Le vendredi soir, les Glazer bénissent les enfants pour qu’ils puissent communiquer avec Shemaryah, même s’il n’est pas là.
« Il fait vraiment partie de nos vies rituelles », a déclaré Sherri.
Reconnaître publiquement leur perte, affirment les deux parents, a été crucial dans leur processus de deuil, et a clairement fait comprendre aux membres de leur communauté que ce n’était pas quelque chose sur lequel ils garderaient le silence – d’autant plus qu’une grande partie de la vie de la communauté juive repose sur l’éducation des enfants.
Après avoir annoncé le décès de leur fils, plusieurs couples juifs ont contacté les Glazer en leur disant qu’ils avaient également fait une fausse couche, une mortinaissance ou une interruption de grossesse, et ils ont créé un groupe Facebook pour cette communauté.
« Nous avons décidé cela, pas entièrement dans un but égoïste, mais nous avions besoin d’entendre d’autres couples raconter comment ils avaient vécu cette situation, car il y avait si peu de documents disponibles pour nous d’un point de vue juif », a déclaré Ilan Glazer. « Évidemment, l’histoire de chacun est un peu différente, mais comment aller de l’avant ? Comment parler de la mort d’un enfant à un autre enfant ? Comment marquer l’anniversaire d’un décès ? Il y a des choses auxquelles seuls ceux qui ont été confrontés à cela doivent penser et cela a été très significatif d’avoir cette place.
En plus du groupe Facebook et de leur communauté synagogue, les Glazer espèrent avoir de nombreuses occasions de discuter de ce à quoi ressemble la famille après une perte. Sherri est de nouveau enceinte, attendue pour mars. (Le couple a choisi le don d’embryons après avoir appris qu’Ilan souffrait d’une version bénigne du même syndrome qui a causé la maladie cérébrale de Shemaryah et pourrait le transmettre à un autre enfant.)
« Il est encore plus difficile de planifier un nouveau bébé après une perte comme celle que nous avons vécue. Jusqu’à ce que ce bébé soit réellement là dans nos bras, il est vraiment difficile de l’imaginer vraiment être ici », a déclaré Sherri. « Il est clair pour nous deux que nous voulons qu’ils connaissent Shemaryah, que Shemaryah sera toujours leur grand frère. »
Tout comme pour leurs cycles de FIV et comme pour Shemaryah, la musique et le rituel juif ont joué un rôle important dans cette grossesse.

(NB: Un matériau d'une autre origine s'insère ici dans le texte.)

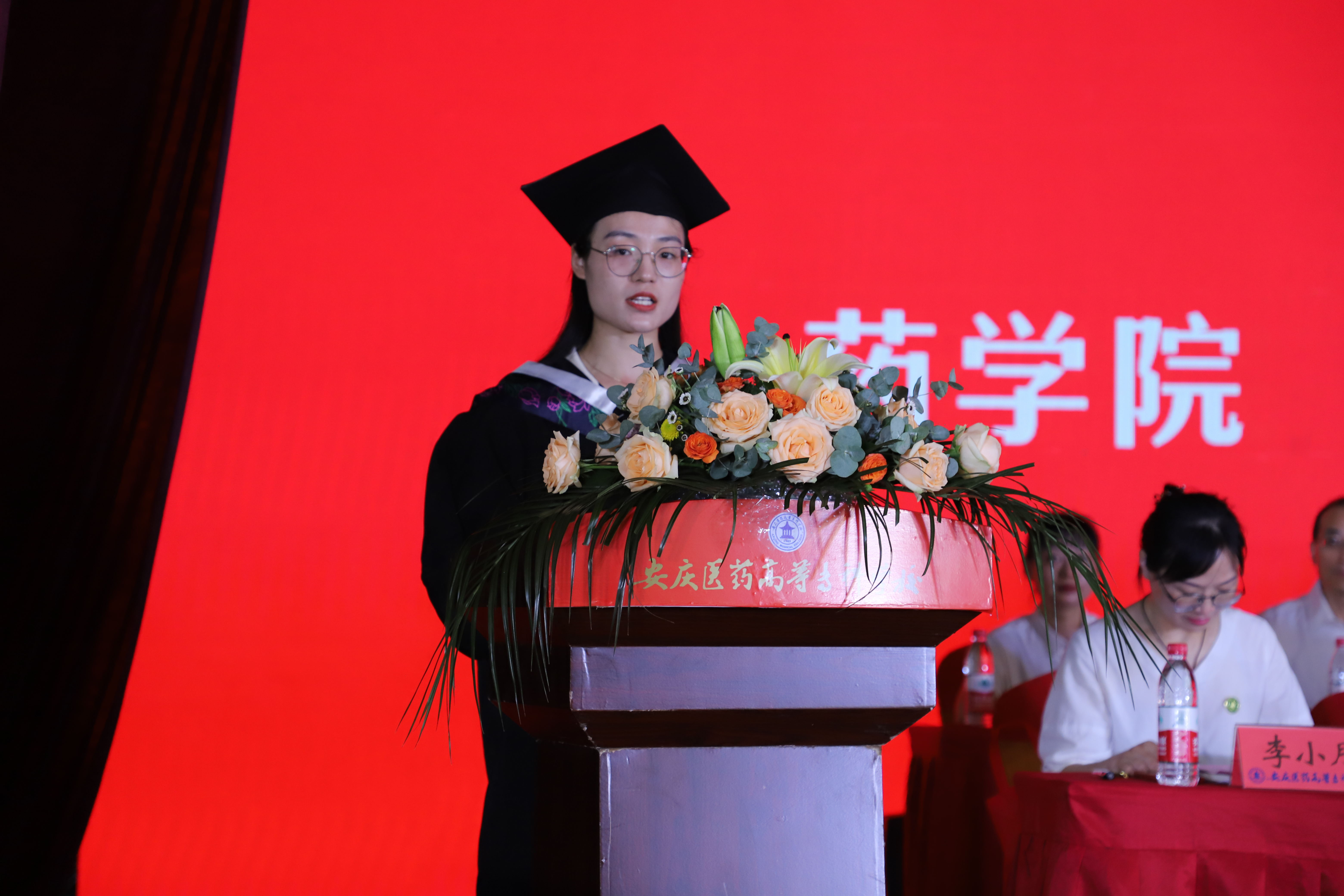 2020级药学专升本1班的田娇娇同学和2019级临床医学专业5班的石森飚同学分别作为全体毕业生代表发言,田娇娇同学分享了从我校专科、本科直至研究生的华丽蜕变,讲述了不断自我提升的奋斗史,并表达了对母校、老师和同学们的祝福。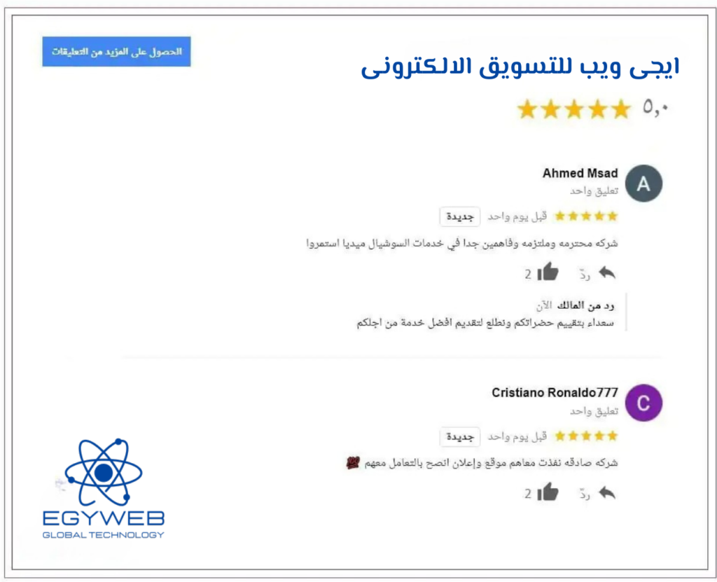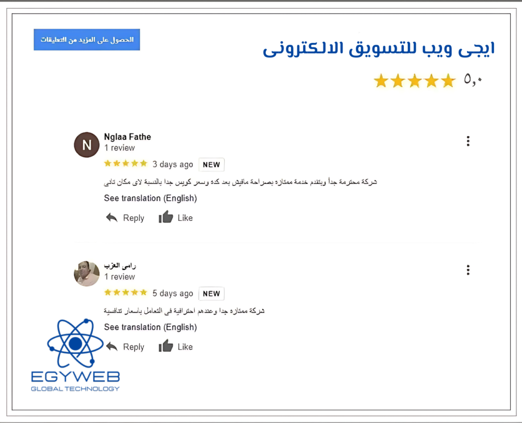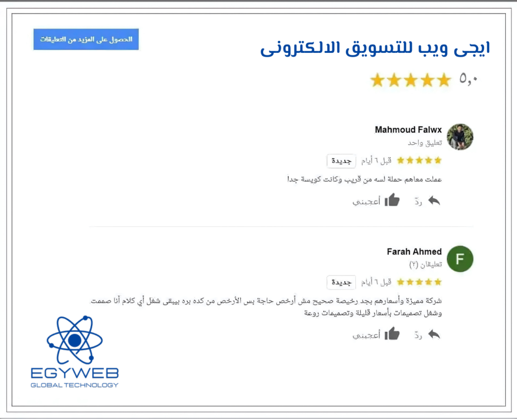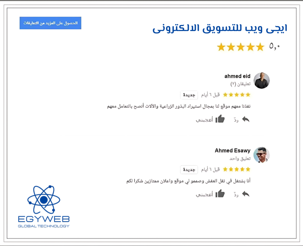 نحن في ايجى ويب نمتلك فريقًا من الخبراء والمتخصصين في مختلف مجالات التصميم والتسويق، ونحن على دراية تامة برغبات واحتياجات العميل. لدينا سجل حافل من الأعمال المميزة يمكنك الاطلاع عليه للتأكد من جودة خدماتنا.

Sherri et Ilan sont allés au mikvé, ou piscine rituelle, avant le transfert d’embryons, et pour s’inspirer des Juifs, ils ont consulté un guide de fertilité de Mayyim Hayyim, un centre de mikvé et de spiritualité basé à Boston. C’est là que Sherri a trouvé un couplet en anglais qu’elle voulait comme prochaine chanson.
Bien que la chanson ne figure pas sur l’album de 13 titres, Ilan l’a interprétée à la fin du spectacle de sortie de l’album il y a deux semaines à Beth Am Baltimore, la synagogue conservatrice dont lui et Sherri sont membres.
«Je veux que ce soit une expérience de guérison», a déclaré Ilan, qui est également coach en désintoxication. « Chaque fois que je partage ces mélodies avec d’autres, les gens me disent que cela leur permet de traiter le chagrin qu’ils portent, dans certains cas, depuis de nombreuses années. Et j’en suis vraiment honoré.
Cet article a été initialement publié sur JTA.org.